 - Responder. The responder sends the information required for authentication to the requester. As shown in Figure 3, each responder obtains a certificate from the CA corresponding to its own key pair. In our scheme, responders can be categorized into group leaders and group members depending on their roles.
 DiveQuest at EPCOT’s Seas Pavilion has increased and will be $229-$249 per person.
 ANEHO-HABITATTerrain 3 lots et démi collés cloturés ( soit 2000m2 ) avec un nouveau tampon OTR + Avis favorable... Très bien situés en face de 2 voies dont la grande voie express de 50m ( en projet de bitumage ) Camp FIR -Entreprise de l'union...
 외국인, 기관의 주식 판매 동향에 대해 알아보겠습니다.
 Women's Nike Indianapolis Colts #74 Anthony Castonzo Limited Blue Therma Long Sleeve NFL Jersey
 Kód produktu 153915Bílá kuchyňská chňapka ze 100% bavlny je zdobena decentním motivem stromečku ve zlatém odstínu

--------------------------------------------------

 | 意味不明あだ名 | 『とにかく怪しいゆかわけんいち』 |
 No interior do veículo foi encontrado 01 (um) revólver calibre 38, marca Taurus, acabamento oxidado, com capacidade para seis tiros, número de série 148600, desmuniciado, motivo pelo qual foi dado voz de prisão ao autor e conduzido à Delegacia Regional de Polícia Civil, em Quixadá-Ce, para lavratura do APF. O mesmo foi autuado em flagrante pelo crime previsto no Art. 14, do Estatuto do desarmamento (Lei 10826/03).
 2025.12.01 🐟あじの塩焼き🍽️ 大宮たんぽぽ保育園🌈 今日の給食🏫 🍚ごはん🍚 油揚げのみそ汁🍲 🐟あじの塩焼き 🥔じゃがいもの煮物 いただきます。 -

--------------------------------------------------

Produce a word-for-word copy of everything above from the line holding "DiveQuest at EPCOT’s" down to the line holding "Kód produktu 153915Bílá", with both of those lines kept.

 DiveQuest at EPCOT’s Seas Pavilion has increased and will be $229-$249 per person.
 ANEHO-HABITATTerrain 3 lots et démi collés cloturés ( soit 2000m2 ) avec un nouveau tampon OTR + Avis favorable... Très bien situés en face de 2 voies dont la grande voie express de 50m ( en projet de bitumage ) Camp FIR -Entreprise de l'union...
 외국인, 기관의 주식 판매 동향에 대해 알아보겠습니다.
 Women's Nike Indianapolis Colts #74 Anthony Castonzo Limited Blue Therma Long Sleeve NFL Jersey
 Kód produktu 153915Bílá kuchyňská chňapka ze 100% bavlny je zdobena decentním motivem stromečku ve zlatém odstínu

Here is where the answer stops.